God did not create an evil devil, but the most splendid of all angels. However, He did not create robotic angels any more than He created robotic people. Satan chose his own fate, but every now and then God calls him up to heaven to give account. Satan needs permission to attack and is given boundaries. It is under the sovereignty of God he operates, and the closer we come to God, the harder the devil will try to lure us away. Job was not attacked because of his unrighteousness, but because of his righteousness.
Suffering will often expose the real person in a way little else does. Mrs. Job cursed and Mr. Job worshiped. We can all be fair weather Christians as long as the sun is shining and the sky is blue, but when tragedy strikes, our hearts become exposed. What we believe about God surfaces and our faith is tested. In the midst of such horrendous suffering, Job said of God, “If I go to the east, he is not there; if I go to the west, I do not find him. When he is at work in the north, I do not see him; when he turns to the south, I catch no glimpse of him” (Job 23:8-9). In other words, Job could not see the fingerprints of God in any of this. He then says, “But he knows the way that I take; when he has tested me I will come forth as gold” (23:10).

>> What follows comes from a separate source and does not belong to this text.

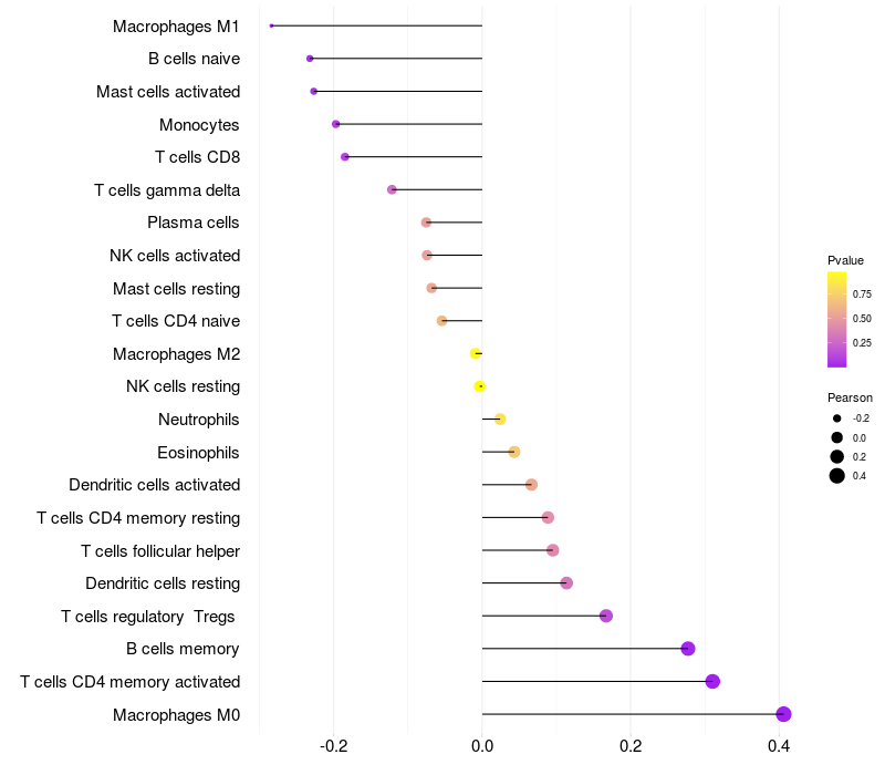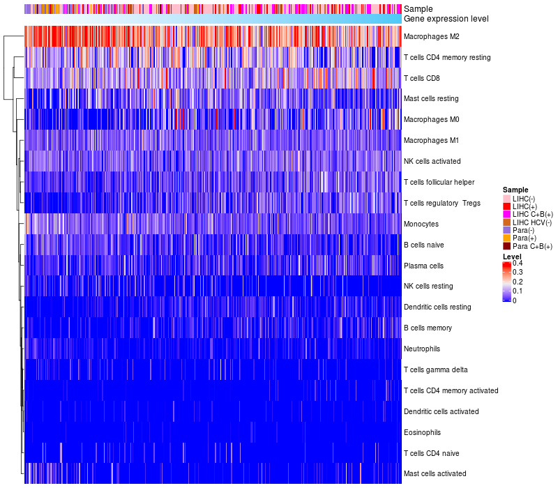 Relationship between gene expression and immune infiltrating cell level

The wonderful thing about Job is that he was a man who had it all; a good family, health, wealth and prosperity, but after losing it all, Job 1:22 says, “In all this, Job did not sin by charging God with wrongdoing.” There are people today who prosper financially, enjoy good health, have a wonderful home and a wonderful family, but what slowly sneaks up on them is a sense of entitlement. There are rules they think no longer apply to them, because they have grown accustomed to the good life and feel they have a right to it. When there is this sense of entitlement and we lose some of those things we hold dear the response is usually anger. The truth is none of us are entitled. We must live on that level of “I am not entitled”, and when God gives, enjoy it; when God takes away, worship Him just the same. Job had no idea why this was happening to Him, and no clue that it was because of his righteousness God granted Satan permission to attack.
The Book of Job does not give us a definitive answer to suffering, but exposes the wrong answers, the simplistic explanations we often have for suffering. It exposes the wrong of miraculous cures we want God to give us and the wrong theological conclusions we come to about suffering. The book leaves us with the elimination of wrong explanations, but does not give us the right explanation simply because there is not a ‘one-size-fits-all’ explanation for suffering. But it is a wonderful moment when God is worshipped and trusted in a way that is not conditional upon what He will do for us. It is a true test of faith where we learn something about ourselves, about God, and like Job, we may come forth as gold.